I am a story/career consultant. I analyze story for a living. It is very rare that I come across one that is perfectly structured. I feel that the last film that fell into this realm for me was The King’s Speech. I am always on a quest to understand how story can be structured in a way that makes us feel the content, the message and the pursuit in the strongest way possible. I found this in the brilliant story of Philamena. Steve Coogan and Jeff Pope wrote it based on the book by Martin Sixsmith. This movie is what strong storytelling is all about.
This is a spoiler alert: Philomena is about a woman facing the shame of a choice that was made 50 years earlier. I will be going through the set up in Act I of the story so that you can see what led to it being crafted so perfectly.
It begins when Philomena hears in church, “You are the cause of your shame. You and your own indecency.” Then, they show flashbacks of a Young Philomena during the trigger moment, when she meets John. This moment would later lead to the choice. We see the symbolism of an apple with regards to the forbidden fruit.
When we meet Martin who is set up on page 3, he is at the doctor’s office. We learn that he lost his job and he is in search of a way to process the change. This creates empathy. His doctor suggests that he try running.
We see more flashbacks of Young Philomena with John. In the present, Philomena tells her daughter, Jane that today would have been Anthony’s 50th Birthday. Jane doesn’t know what she is talking about. She shows her a picture of when Anthony was a baby. This sets up the “why now” in regards to why we are entering the story when we are.

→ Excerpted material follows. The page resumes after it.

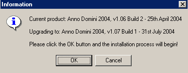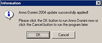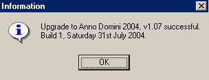 Click the “OK” button and Anno Domini 2004 will appear and the upgrade is completed.

In the inciting incident from the flashback, we see Philomena when she is pregnant and talking with Mother Barbara. Mother Barbara asks her if she took her knickers down for him. She says, “He got an awful lot for a toffee apple.” She asks about Philomena’s mother. One of the other nuns says that she died ten years earlier. This builds on the empathy that we feel for Philomena. She was left motherless at a young age. So, when she gives birth to a child as an unwed mother, she has to make a choice of what to do that will be for the betterment of her child.

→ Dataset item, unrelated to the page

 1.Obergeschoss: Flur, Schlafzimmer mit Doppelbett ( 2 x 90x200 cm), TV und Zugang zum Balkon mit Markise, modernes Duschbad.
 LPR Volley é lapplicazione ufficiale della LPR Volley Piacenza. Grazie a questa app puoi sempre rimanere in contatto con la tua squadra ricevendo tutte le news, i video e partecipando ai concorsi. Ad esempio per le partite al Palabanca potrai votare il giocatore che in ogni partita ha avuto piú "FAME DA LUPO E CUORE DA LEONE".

In the present, Philomena’s daughter, Jane, meets Martin at a party. She hears that he lost his job and that at one point he was a journalist. She tells him that she knows a story about a woman who had a baby when she was a teenager and kept it a secret. The nuns took the baby away from her and made her have it adopted and she’s kept it a secret for all of these years. Jane tells Martin that the story is about her mother. She asks him if he’d want to do a story on this.
This is the trigger that brings the two worlds of Philomena and Martin together. Both have gone through loss. Both are on a quest for meaning. I think it’s fascinating that shame is what drives Philomena; yet, through the story, the question of who should be feeling this is debated.

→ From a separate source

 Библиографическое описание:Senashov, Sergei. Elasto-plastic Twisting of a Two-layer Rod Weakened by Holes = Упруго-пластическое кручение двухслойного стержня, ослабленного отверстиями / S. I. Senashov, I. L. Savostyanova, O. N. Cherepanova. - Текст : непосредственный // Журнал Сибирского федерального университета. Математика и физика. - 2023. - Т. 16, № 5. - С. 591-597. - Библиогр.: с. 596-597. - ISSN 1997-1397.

The trigger incident from the past was the choice that was made. The trigger incident in the present had to do with the sequence of when Philomena hears about “shame” in church and the fact that it is her adopted son, Anthony’s, 50th Birthday. The trigger incident is continued with the moment when Jane runs into Martin, a journalist, at a party right after he lost his job and asks him if he wants to cover this story.
The dilemma for Philomena is that if she doesn’t find out what happened to her son, she will never know the answer of whether she made the right choice or not. The dilemma for Martin is that he has no job and he is given the opportunity to write a story of human interest that could bring him more opportunity, which could also help in processing his own loss.
The pursuit has to do with getting the story for Martin. For Philomena, it is about finding out what happened to Anthony. The obstacles have to do with getting information from the nuns, uncovering a secret that they were keeping, discovering what really happened to young unwed mothers at the Abbey, finding people who knew Anthony and could share the truth.
The part of the story that mesmerized me was the idea of who really should be feeling shame from the choice that was made. I found the story to be so powerful. The movie was phenomenal. The script is simply brilliant.